12345679 * 9 = 111111111

12345679 * 18 = 222222222

12345679 * 27 = 333333333

12345679 * 36 = 444444444

12345679 * 45 = 555555555

12345679 * 54 = 666666666

12345679 * 63 = 777777777

12345679 * 72 = 888888888

12345679 * 81 = 999999999

12345679 * 999999999 = 12345678987654321

[+] grusk|14 years ago|reply
The way I was introduced to this was as a math trick: Pick a number 1-9, multiply by 9, then 12345679, and you get a string of whatever number you picked.

Also, pick any three-digit number, multiply by 7, 11, and 13 (or 1001), and you get your three-digit number repeated twice.

[+] buddydvd|14 years ago|reply
And this too: 111111111111111111111111111 / 9 = 12345679012345679012345679
[+] reedcat|14 years ago|reply
My productivity for today went downhill! :)

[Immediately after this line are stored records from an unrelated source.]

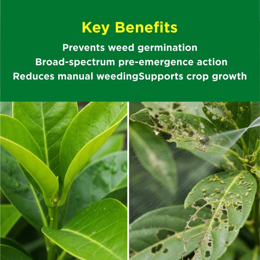 - ๐ ๐๐๐ง๐๐๐ข๐ญ๐ฌ: Shinobi provides rapid and long-lasting control of both grassy and broadleaf weeds, minimizing early-season competition. By maintaining a weed-free environment, it supports optimal crop growth, uniform emergence, and higher yields. Its targeted pre-emergence action reduces the need for post-emergence herbicide sprays, saving labor and resources while protecting crop health.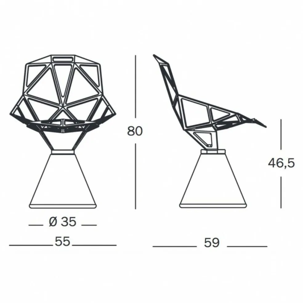 34,5 kg wiegt der Chair One Stuhl Zementfuß.Er ist 55 cm breit und die Höhe beträgt 80 cm. Das Modell ist 59 cm tief und hat eine Sitzhöhe von 46,5 cm. Aus derselben Serie ist auch eine drehbare Variante zu haben.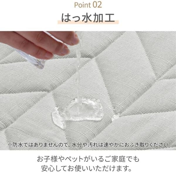【はっ水加工付※】はっ水加工付※なので、こぼしてしまった時に安心。ペットや小さなお子様のいるご家庭でも安心して使用出来ます。※防水ではございませんので、早めにお拭き取り下さい。※はっ水効果は永続的なものではございません。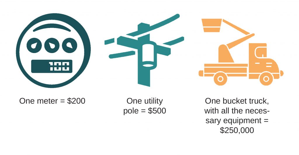 These fixed costs go toward the purchases and maintenance of the illustrated items below — and more — on behalf of each member. We all need a reliable energy grid, so we all share in the costs of building and maintaining it, regardless of how much energy we consume.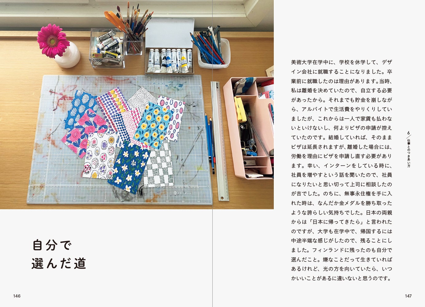 フィンランド在住のテキスタイルデザイナー・イラストレーター。1児の母。津田塾大学を卒業後、沖縄で英語教員として働く。2007年フィンランドに移住し、アアルト大学でテキスタイルデザインを学び、マリメッコ社でテクニカルデザイナーとして勤務。2014年より独立し、国内外の企業にデザインを提供する他、CMの衣装、宮古島のHotel Locusのテキスタイルデザインを担当。森のテキスタイルシリーズなど、暮らしを楽しくするオリジナルプロダクトをプロデュース。『北欧フィンランド配色ブック』(玄光社)『フィンランドで気づいた小さな幸せ365日』(パイインターナショナル)など、フィンランドのデザインや暮らしにまつわる本も執筆している。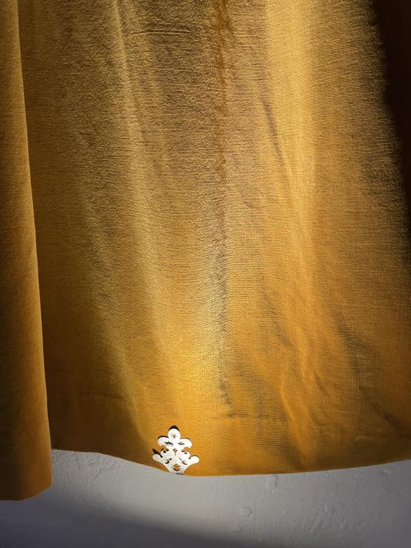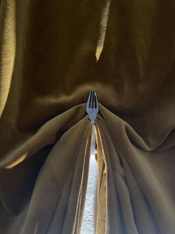Anna Mud’s Moral Fibre is installed in a sunlit room, upstairs in Newcastle University’s Fine Art Degree Show. Long sheets of translucent white organza are tacked up along the wall. The fabric is so thin and sheer that you can see the texture of the room’s magnolia walls and the dust on the plug sockets. Across the organza, there are blossoming soft black patches. Anna Mud has positioned two wooden benches at the other end of the room. From this viewpoint it looks like black mould. Up close, you can see the patches are made of short, hazy fibres tangled into the organza— velvet fibres. They’re straight and splattered across the fabric like confetti. But from that bench along the far wall, you are a spectator beholding a terrible blooming pattern of black mould and you are listening to a soundtrack of someone coughing the same canned cough in a ryhthmic repeating loop from a speaker that is right next to you. There’s a wall text that slices the work open; rising rents and cost of living crisis means people can’t afford to heat their homes. With the UK’s cold damp climate this means black mould. With the UK’s rental crisis, this means landlords shirking their responsibility to prevent and remove the mould, this means tenants have to live in rooms full of black mould. Historically and traditionally, velvet was made from silk. It was a precious fabric, subject to English sumptuary laws that regulated clothing in relation to your social status. Velvet was exclusively worn by kings and nobility.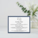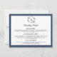 PLACA DE ENCERRAMENTO DE DETALHES DE CASAMENTO DE PEQUENO TAMANHO | design de cartão de casamento simples, elegante e moderno com uma fronteira azul marinho clássica, as suas iniciais monográficas e o seu texto de convite. Recepção de casamento, acomodações de hotel e detalhes do site com código QR (ou excluir campos se não necessário). Criada da coroa foliar foliar desenhada à mão e concebida para uma moldura monográfica contemporânea com uma ampersand caligráfica. Concebido por artista e designer com licença internacional, Audrey Jeanne Roberts, copyright.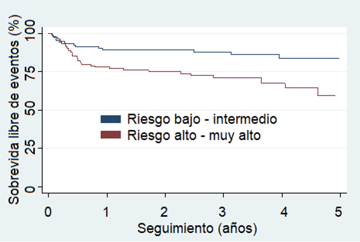 Como podemos observar en la Figure 2, la sobrevida libre de eventos a uno, tres y cinco años fue significativamente menor (Log-rank test, p= 0,001) en el grupo con puntaje de Framingham alto o muy alto (77, 71 y 59%, respectivamente) que en el grupo de puntaje bajo o intermedio (89, 87 y 83%).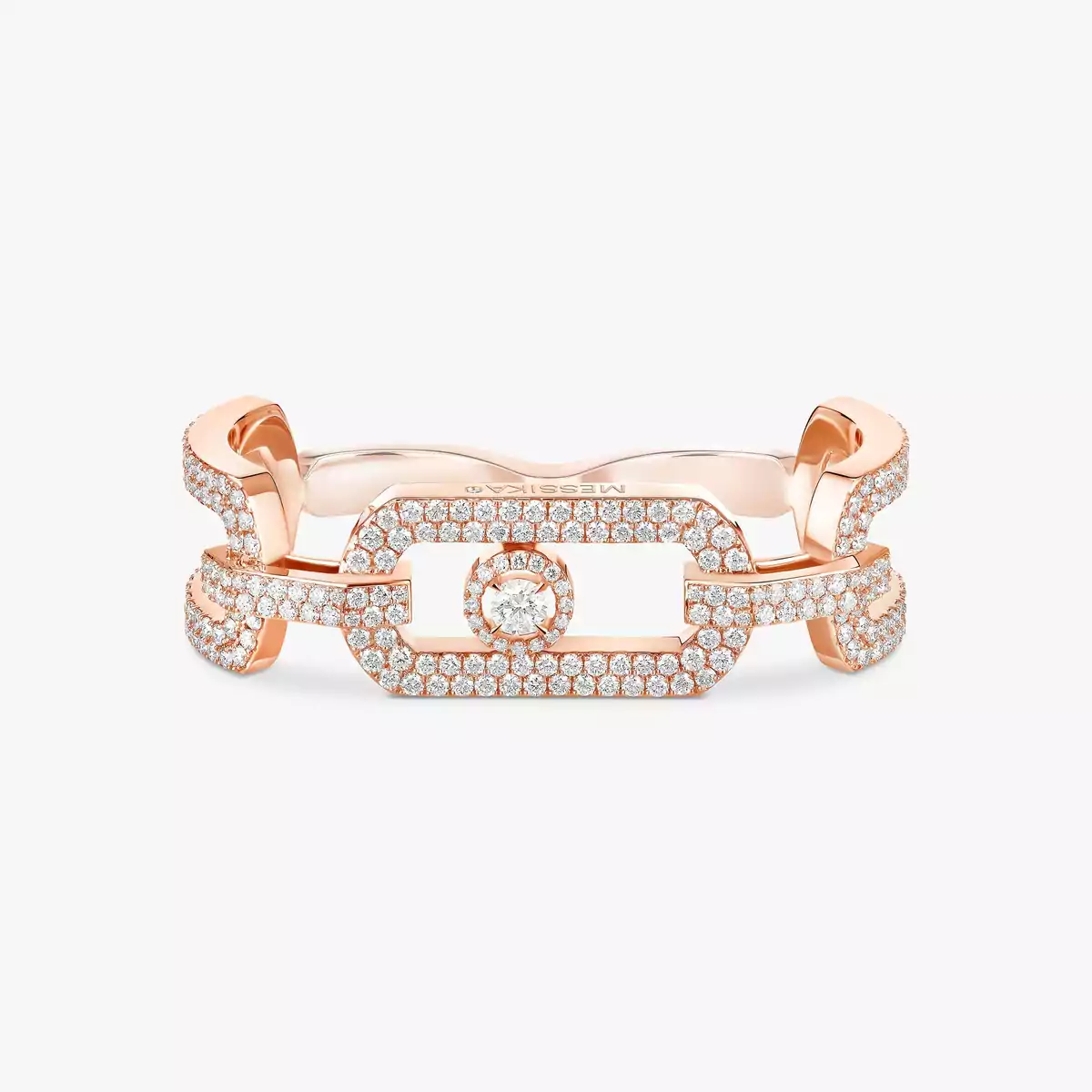 핑크 골드 쏘 무브 투-핑거 다이아몬드 파베 링 | 메시카 13185-PG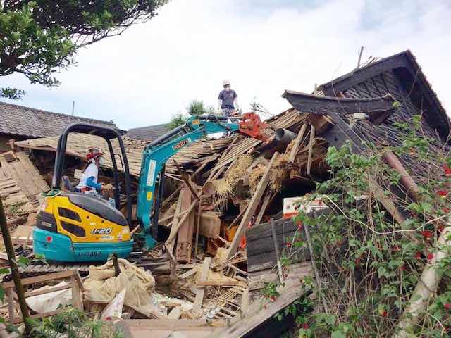熊本地震の際、倒壊した納屋から農機具を取り出す作業を行う日本財団の災害支援チーム(提供:日本財団)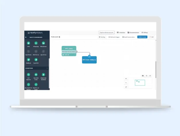 NPS resolution is inevitable to push your promoters to promote the brand, fetch the attention of the passives with catchy offers and try to build a brand image with the detractors. NotifyVisitors lets you simplify the pain-points of the customers by sending NPS in a user journey. Create the event and imply conditions on it as per the actions/behaviors of the users and ask the reasons for their ratings.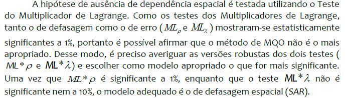 b) A hipótese de ausência de dependência espacial, tanto razão de uma omissão da defasagem espacial da variável dependente (SAR), quanto em função de uma omissão do erro espacial autorregressivo (SEM), é testada usando MLρ e MLλ , respectivamente;

Love the trick with how this can be done via differentiating the equation:

1 + r + r^2 + ... = 1/(1-r)

[+] liljimmytables|14 years ago|reply
Slightly off-topic, but it bugs me that the article feels obliged to contain a picture of the number. Firstly, why the hell would you want to display plain text as a picture? Secondly, if I click through to the source, I get a slightly better picture. Did IHC take a photo of the original website with their phone camera and upload it? Mind is boggling. Encouraged by the better quality picture on geekosystem I decided to click through to THEIR source. And there's a plaintext version. Kudos to <a href="http://www.futilitycloset.com/2012/01/08/math-notes-76/<...; for having a modicum of common sense.
[+] jbdevon|14 years ago|reply
Also, 1/4999 yields the sequence of square numbers.
[+] tspiteri|14 years ago|reply
It's really powers of 2, not square numbers. That is, 2^x, not x^2.